─── DATA FOR THIS EXERCISE
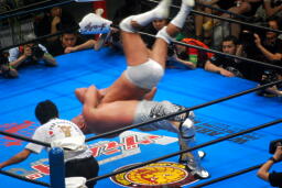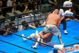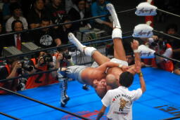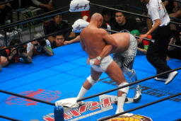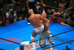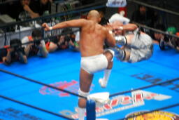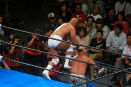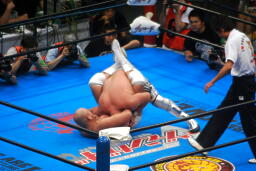 ケアはタイガードライバー狙うが持ち上げる前にグリップが外れ横に落としてしまう(右写真)。こないだの大森戦もひどかったが、ここまで来ると三沢に対し失礼なレベル。それでもカバー、カウント2。
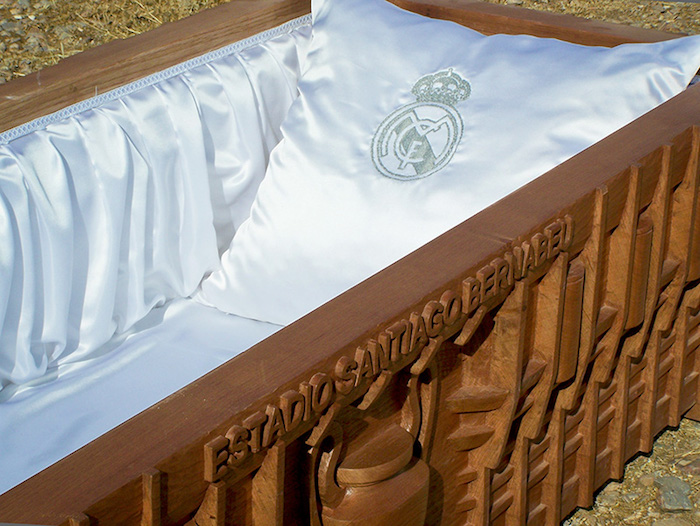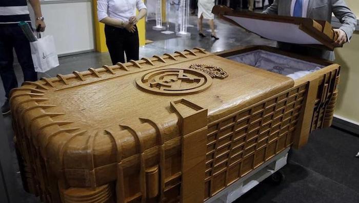 В Испании одна фирма предлагает заказчикам гробы с символикой их любимой футбольной команды. Стоимость таких изделий не разглашается.
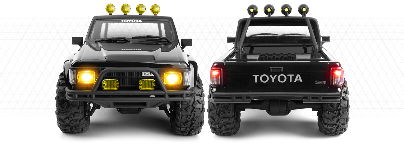The officially licensed Toyota Hilux SR5 body included with the Venture18 RTR is completely outfitted with a range of fabulous scale items. In addition to the hand-painted polycarbonate body with clear windows, you'll find a host of scale details including a pair of real side mirrors, door handles, grills, classic tube bumpers front and rear, light buckets for the working lights, dual-tube rollbar and adjustable-width rock rails that help the truck glide over tough obstacles.
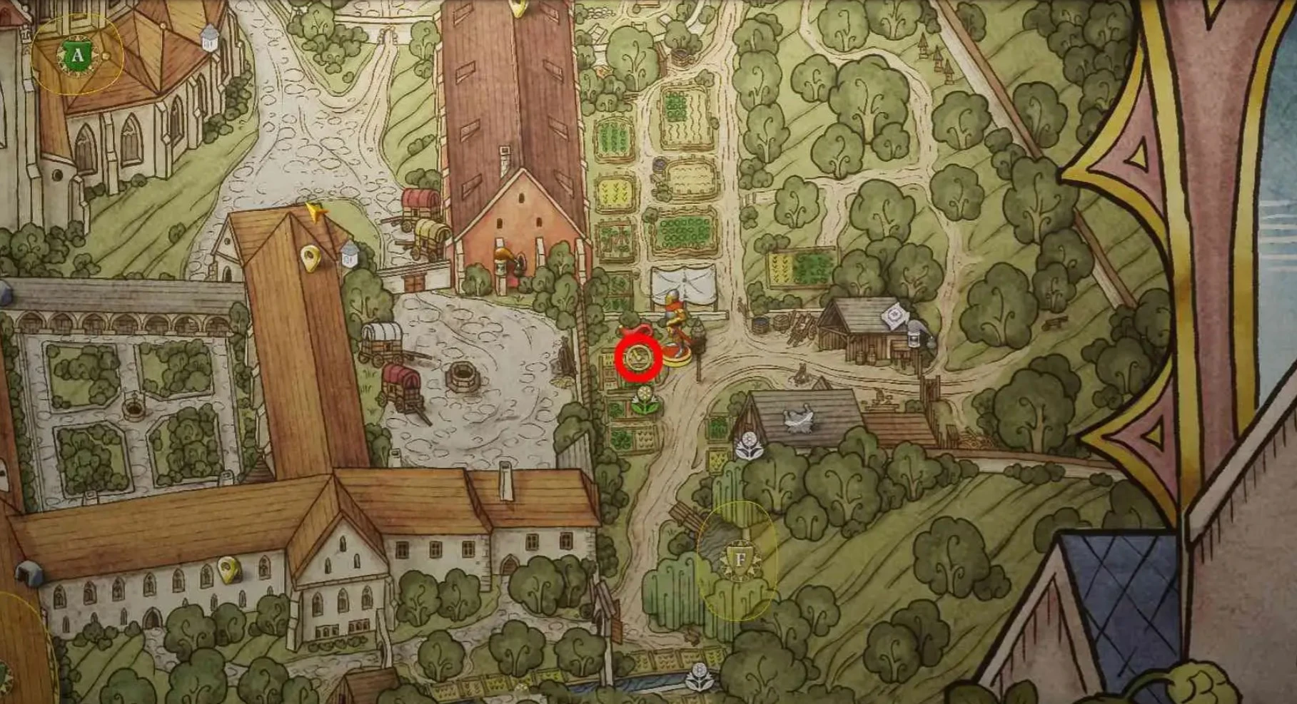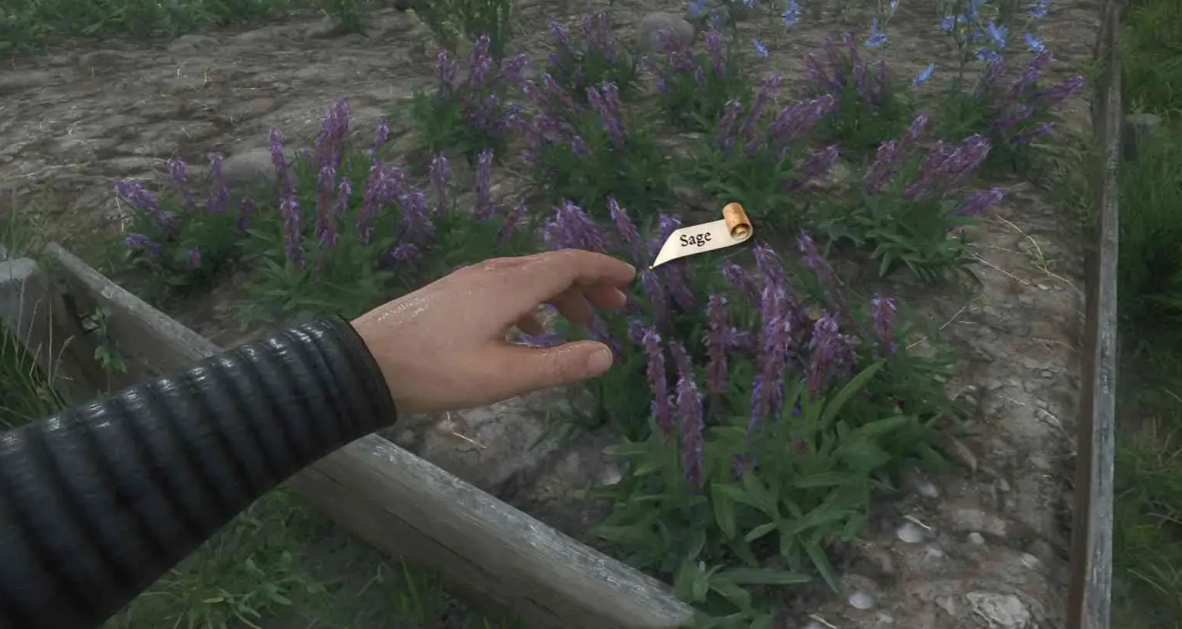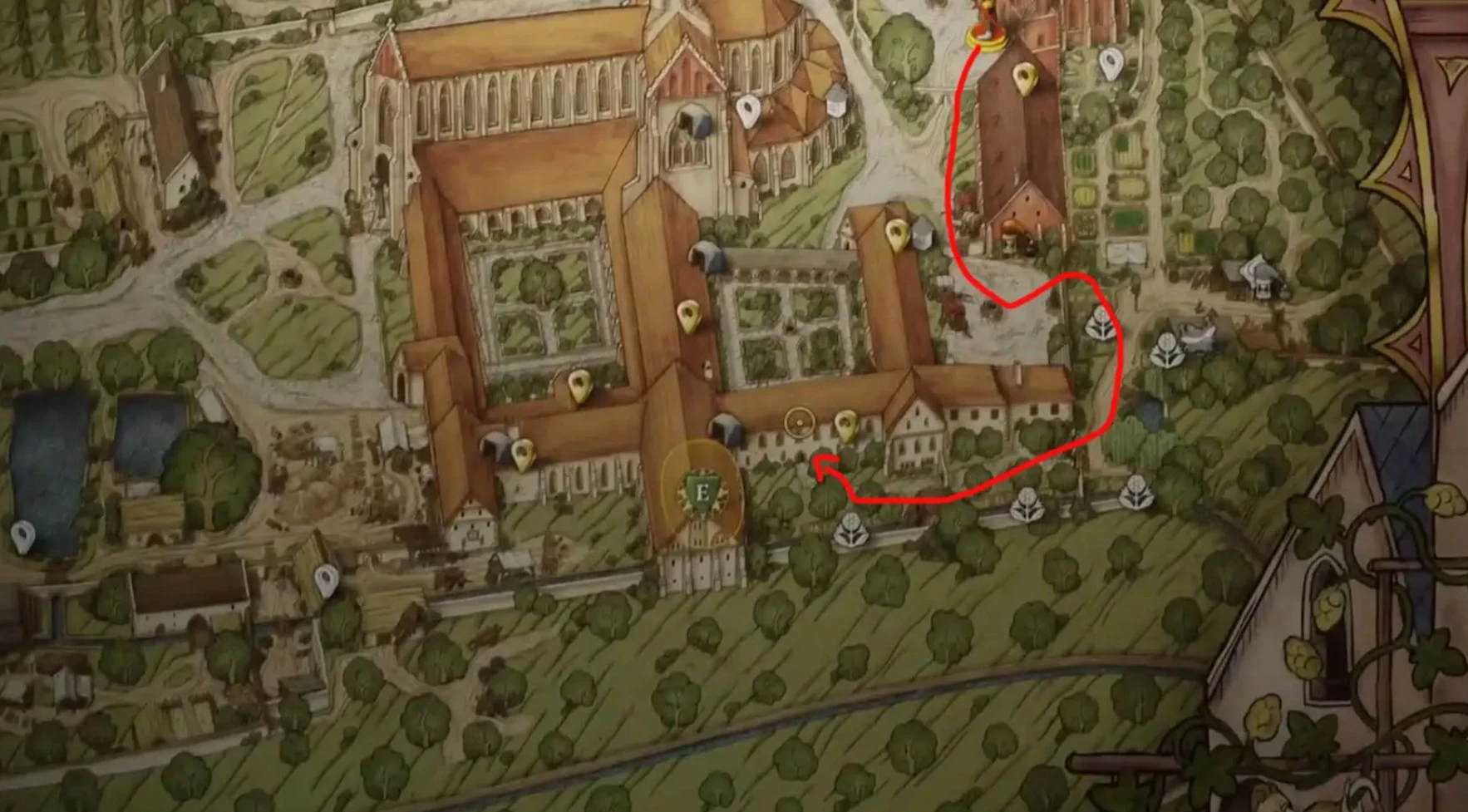 Необходимые растения можно найти в Лесосаде, расположенном в юго-восточной части монастырской территории. Там находятся хозяйственные постройки и грядки с различными травами, включая мяту. Ищите небольшие голубоватые цветки с тонкими зелеными листьями. На скриншотах ниже продемонстрировано их точное местоположение. Рекомендуется собрать больше мяты, так как она понадобится в квесте "Профилактика".
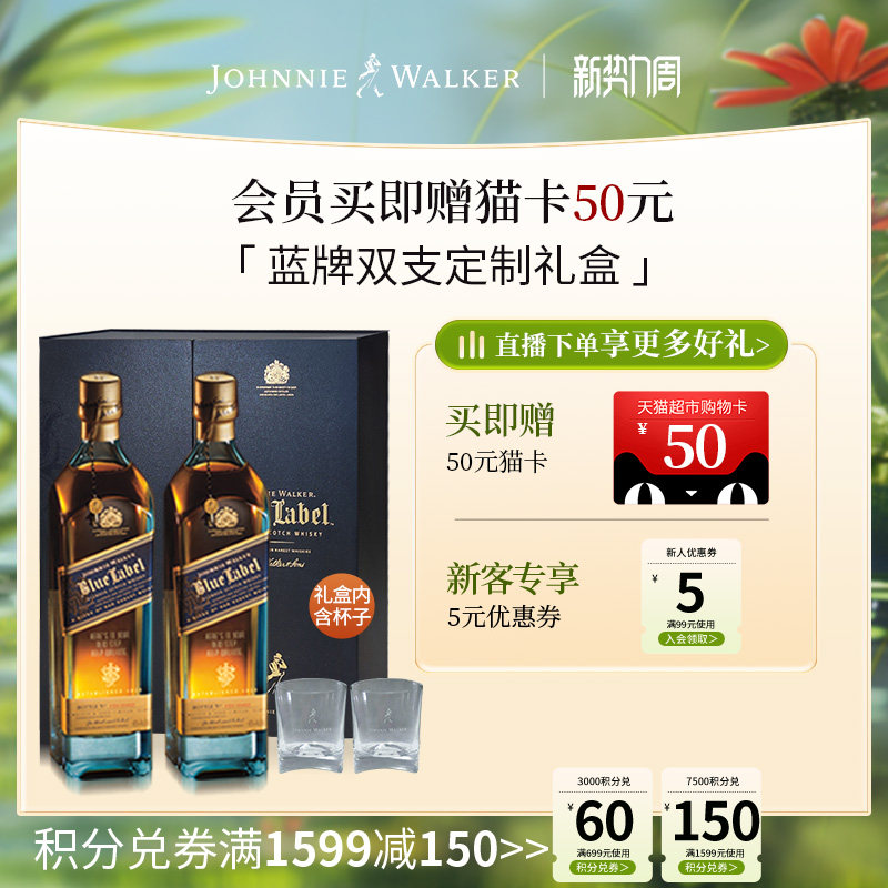 【官方旗舰店】尊尼获加蓝牌蓝方调配型威士忌双支礼盒500ml*2
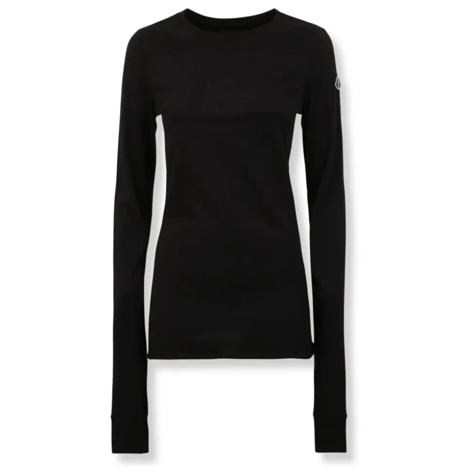 Moncler Girder LS T fra Moncler + Rick Owens samarbejdet er en langærmet bomuldsjersey top, der kombinerer en struktureret paneldetalje med en ren, minimalistisk silhuet. Den er designet til hverdagsbrug med et diskret, brandet mærke på overarmen. Nøgleattributter: Sort | Bomuld | Mellemvægt jersey | Kompakt strik | Let børstet håndfølelse | Rund halsudskæring | Lange ærmer | Afstivet panel på øvre bryst og skulder foran | Broderet logo mærke på venstre overarm | Paneldelt design | Dimensioner & pasform: Slank pasform | Sammensætning & pleje: 100% Bomuld
──────
= WHAT IS BEING ASKED =
All lines above between the line that contains "Необходимые растения можно" and the last line of the entries, both included, must be transcribed exactly. No pictures are to appear.

= SOLUTION TO THIS TASK =
 Необходимые растения можно найти в Лесосаде, расположенном в юго-восточной части монастырской территории. Там находятся хозяйственные постройки и грядки с различными травами, включая мяту. Ищите небольшие голубоватые цветки с тонкими зелеными листьями. На скриншотах ниже продемонстрировано их точное местоположение. Рекомендуется собрать больше мяты, так как она понадобится в квесте "Профилактика".
 【官方旗舰店】尊尼获加蓝牌蓝方调配型威士忌双支礼盒500ml*2
 Moncler Girder LS T fra Moncler + Rick Owens samarbejdet er en langærmet bomuldsjersey top, der kombinerer en struktureret paneldetalje med en ren, minimalistisk silhuet. Den er designet til hverdagsbrug med et diskret, brandet mærke på overarmen. Nøgleattributter: Sort | Bomuld | Mellemvægt jersey | Kompakt strik | Let børstet håndfølelse | Rund halsudskæring | Lange ærmer | Afstivet panel på øvre bryst og skulder foran | Broderet logo mærke på venstre overarm | Paneldelt design | Dimensioner & pasform: Slank pasform | Sammensætning & pleje: 100% Bomuld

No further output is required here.